Exercise instructions:
Take the entries below and print only the lines from the one with "フィットネス 大きいサイズ 日" through the one with "Orange Sporting Life", exactly as they stand, both ends included.

Data for the task:
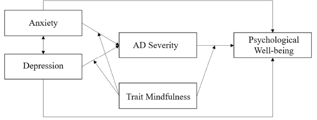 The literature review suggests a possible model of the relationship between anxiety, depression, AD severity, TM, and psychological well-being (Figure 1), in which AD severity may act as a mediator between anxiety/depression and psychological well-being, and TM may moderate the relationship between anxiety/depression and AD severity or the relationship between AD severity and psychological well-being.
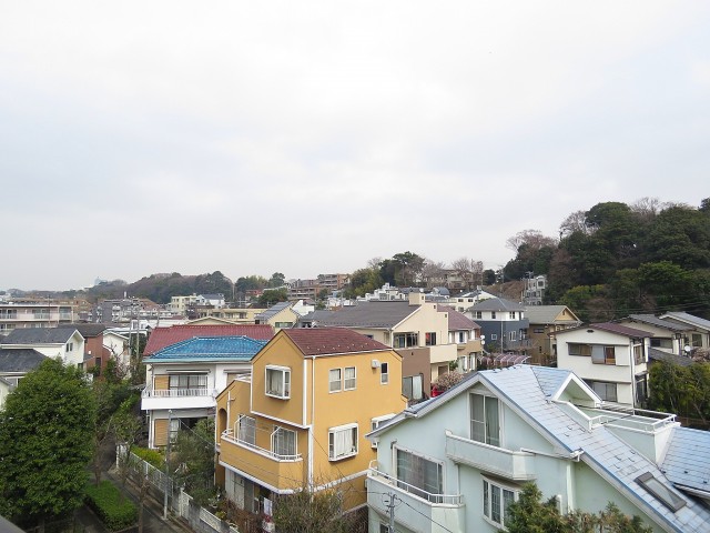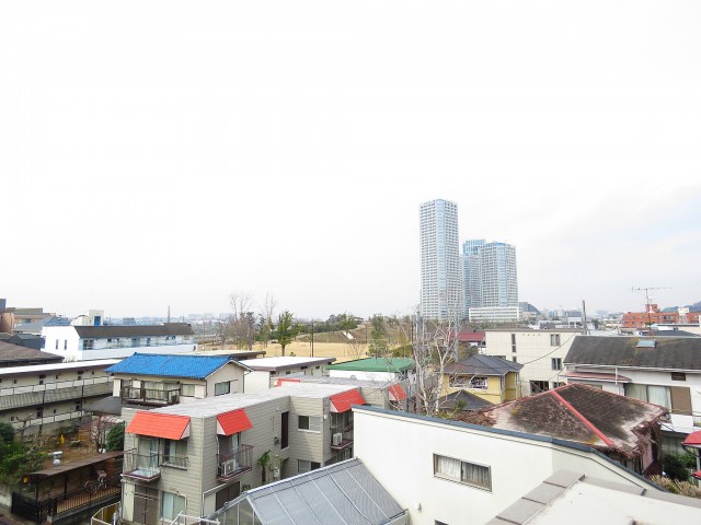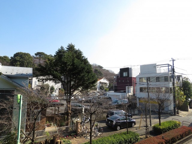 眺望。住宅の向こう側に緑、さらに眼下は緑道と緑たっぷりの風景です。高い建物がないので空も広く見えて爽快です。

...

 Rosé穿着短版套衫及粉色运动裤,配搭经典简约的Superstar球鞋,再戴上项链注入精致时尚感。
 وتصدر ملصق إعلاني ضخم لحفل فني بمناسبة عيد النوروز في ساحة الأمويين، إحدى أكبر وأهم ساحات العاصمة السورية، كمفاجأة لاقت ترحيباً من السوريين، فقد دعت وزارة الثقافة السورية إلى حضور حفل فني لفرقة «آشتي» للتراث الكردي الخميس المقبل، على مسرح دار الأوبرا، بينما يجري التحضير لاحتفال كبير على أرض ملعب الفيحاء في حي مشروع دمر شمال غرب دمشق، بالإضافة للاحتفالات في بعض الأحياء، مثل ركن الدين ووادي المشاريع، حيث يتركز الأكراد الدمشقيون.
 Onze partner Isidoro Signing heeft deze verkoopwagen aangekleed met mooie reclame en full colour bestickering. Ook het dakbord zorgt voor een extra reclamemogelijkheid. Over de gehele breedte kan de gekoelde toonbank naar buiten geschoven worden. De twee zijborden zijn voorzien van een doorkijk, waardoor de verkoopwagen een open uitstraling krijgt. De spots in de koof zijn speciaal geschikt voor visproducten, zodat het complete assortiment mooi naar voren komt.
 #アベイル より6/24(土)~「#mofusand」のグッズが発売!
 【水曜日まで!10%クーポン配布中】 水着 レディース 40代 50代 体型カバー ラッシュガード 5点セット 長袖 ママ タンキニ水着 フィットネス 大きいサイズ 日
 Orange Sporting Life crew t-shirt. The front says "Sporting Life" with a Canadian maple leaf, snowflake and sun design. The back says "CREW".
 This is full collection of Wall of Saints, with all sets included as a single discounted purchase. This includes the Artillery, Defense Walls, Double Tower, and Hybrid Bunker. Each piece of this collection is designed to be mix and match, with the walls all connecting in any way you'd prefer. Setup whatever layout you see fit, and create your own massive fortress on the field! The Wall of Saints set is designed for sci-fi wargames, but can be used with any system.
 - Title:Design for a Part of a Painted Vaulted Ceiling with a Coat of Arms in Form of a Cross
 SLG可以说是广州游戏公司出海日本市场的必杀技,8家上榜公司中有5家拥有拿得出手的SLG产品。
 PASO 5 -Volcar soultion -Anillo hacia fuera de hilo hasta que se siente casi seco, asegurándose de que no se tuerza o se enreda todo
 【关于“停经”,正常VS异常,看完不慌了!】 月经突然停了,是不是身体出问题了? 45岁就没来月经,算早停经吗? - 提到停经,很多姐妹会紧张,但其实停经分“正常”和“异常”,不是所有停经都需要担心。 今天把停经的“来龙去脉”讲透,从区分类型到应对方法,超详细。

Your solution:
 【水曜日まで!10%クーポン配布中】 水着 レディース 40代 50代 体型カバー ラッシュガード 5点セット 長袖 ママ タンキニ水着 フィットネス 大きいサイズ 日
 Orange Sporting Life crew t-shirt. The front says "Sporting Life" with a Canadian maple leaf, snowflake and sun design. The back says "CREW".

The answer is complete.